昨年「ワールドコイン」から社名を変えた「ワールド」は、生成型人工知能(AI)「チャットGPT」の最高経営責任者(CEO)あるサム・オルトマンと「ツールスポヒューマニティ(TFH)」の最高経営責任者であるアレックス・ブラニアが作ったブロックチェーン基盤の身元認証プロジェクトだ。TFHはワールドの開発会社で、独自に製作した「Orb」機器に虹彩を認識すると、個人識別コード(ワールドID)を付与し、独自トークンWLDを支給する。
オルトマンCEOは先月30日(現地時間)、米国サンフランシスコのモットメイソン文化センターで開かれた「At Last」イベントで「AI時代に人間を識別・認証する方法が必ず必要だと思う」とし、「人間はAI中心のインターネット環境の中でも特別な存在として残らなければならない」と明らかにした。
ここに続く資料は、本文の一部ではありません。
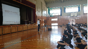 午前中の集会指導では全校集会の際の入退場や整列等の仕方などを、給食指導では給食時間の流れや当番の服装などを、生徒会役員や担当教師によって説明が行われました。午後からは、都城市安全協会より講師をお招きして交通安全指導を行いました。特に、自転車運転・安全点検や道路横断に関することを指導して頂きました。その後、清掃指導では、生徒会役員による清掃活動(無言清掃)の意義が説明された後に、各清掃場所毎に分かれて清掃手順の確認などを行いました。
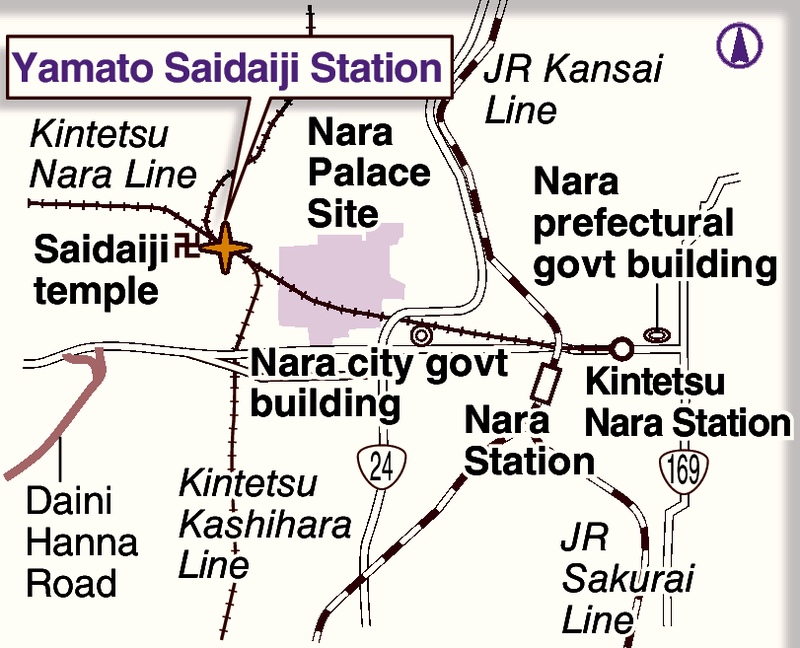 It takes about 40 minutes by express from Osaka-Namba Station and about 45 minutes by express from Kyoto Station to reach Kintetsu Yamato Saidaiji Station.
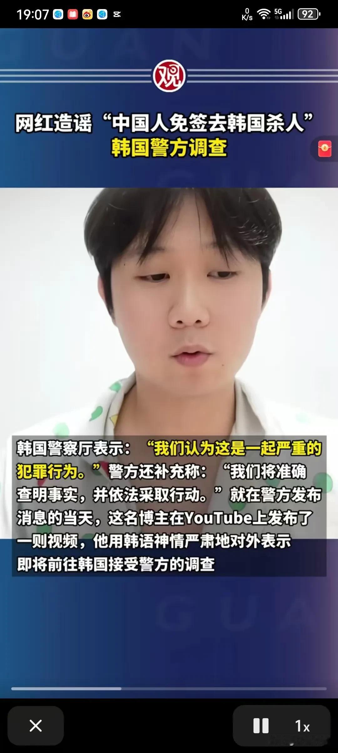 韩国网红造谣中国人免签到韩国杀人,被韩国警方逮捕了,更加诡异的是,这个网红主要活跃于日本网络社会,这个造谣的视频也是用日语发布的,不过韩国警方快速查办了它,认为它这样是损害韩国国家形象!其实有些韩国人特别是有些韩国网红对中国游客非常不尊重,各种贬低和造谣,都不知道韩国有什么好玩的,非去不可吗?之前还有一个韩国女网红直接公开说素质高的中国人不会去韩国,去的都是低素质的,人家韩国人都这样说了,为什么还是有些中国游客非去不可呢?真的搞不懂!
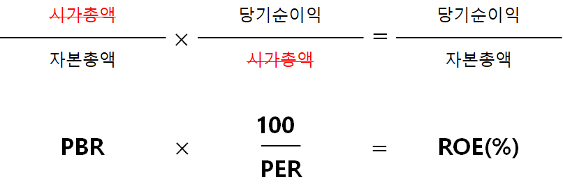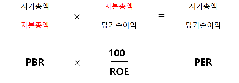 부연 설명하자면, 항을 요리조리 옮겨 PBR을 PER로 나눈 백분율이 ROE라는 것도 알 수 있다. 이건 시가총액을 소거시킬 공통요소로 파악한 계산이다. ROE가 커지는 데에 PBR이 너무 작은 건 도움이 안된다. PER이 적당히 커지면 PBR도 따라서 늘어야 한다. 뭐 결국 고평가라는 얘기가 된다. 반대로 ROE가 커야 하는데 PBR이 상당히 작다면, PER도 낮아야, 즉 돈을 잘 벌어야 한다는 얘기가 되기도 한다.

この日のイベントでは、オルトマンCEOとブラニアCEOがワールドID、ワールドアプリの今後の計画を紹介した。昨年に続き、2回目の開催だ。
ブラニアCEOは「AIボットの問題を解決し、個人情報を保護する方法を探してきたが、最近では金融ネットワークを含めるべきという点も議論した」とし、「ワールドは、結局“人間証明”と“金融要素”が結合した形を追求する」と話した。
〇「ワールドカード」発売…Visa加盟店で暗号資産(仮想通貨)決済
ワールドはこの日のイベントで、暗号資産で商品・サービスを購入する「ワールドカード」を披露した。 決済可能な暗号資産は、ワールドアプリでサポートされているワールドコイン(WLD)トークンとUSDCコイン(USDC)などだ。
ワールドカードは「ワールドアプリ」と直接連動し、利用者が保有している暗号資産を別途の両替手続きなしに全世界のビザ加盟店で直接使用することができる。
決済と同時に暗号資産は法定通貨に転換され、加盟店は暗号資産に対する理解がなくても決済代金を受け取ることができる。決済代金の処理に数日かかるクレジットカードよりも迅速である。
ワールドカードは「ワールドID」をベースに発行する。ワールドIDは、ブロックチェーンを通じて利用者が「人間」であることを証明する身元認証手段である。人工知能(AI)と人間を区別し、他の人ではなく、実際の利用者だけがカードを使用するように設計した。
ワールドカードは、利用者がAI関連サブスクリプションサービスを利用すると、WLDトークンも支給する。このトークンは自動的にウォレットに保管され、決済に使用することができる。
ワールドカードは今年下半期に米国で発売され、他の国へのサービス拡大も検討している。ワールド側は「全世界1億5000万以上のビザ加盟店でワールドカードを利用することができるだろう」と伝えた。
TFH最高情報セキュリティ責任者(CISO)であるエイドリアン・ルドウィックは、「昨年発表した“ミニアプリ”を通じてクレジットカードとアップルペイで決済することができる」とし、「最近では、金融アプリを作るために米国の決済フィンテック企業“ストライプ”とパートナーシップを締結した」と述べた。
続けて、「近いうちにストライプが連動されたウェブサイトやアプリでワールドアプリで直接決済できるようになるだろう」と付け加えた。
〇「この人、信用できるかな?」…出会い系アプリ「Tinder」に本人認証導入
ワールドはオンラインデートアプリプラットフォームのマッチグループと協業し、デジタル環境で人間であることを証明するシステムも導入する。マッチグループが運営している出会い系アプリ「Tinder」の利用者がワールドIDを活用して相手の年齢などの身元を確認する方式だ。
マッチグループのCEOであるスパンサー・ラスコフは「ワールドIDにログインすると、ワールドアプリが認証情報をTinderに送信する方式」とし、「日本のTinder利用者は、別途の成人認証手続きなしにワールドIDで一度に身元を証明することができる」と話した。
利用者は、相手が実際の人間なのか、どんな人なのかをブロックチェーンを通じて透明に確認することができる。ワールドIDに登録された個人情報は、利用者が使用する端末にのみ保存される。
ラスコフCEOは「出会い系分野で人間証明技術は、信頼性と安定性を改善する完璧な事例」とし、「最終的にインターネットの世界で当該技術の必要性はさらに大きくなるだろう」と展望した。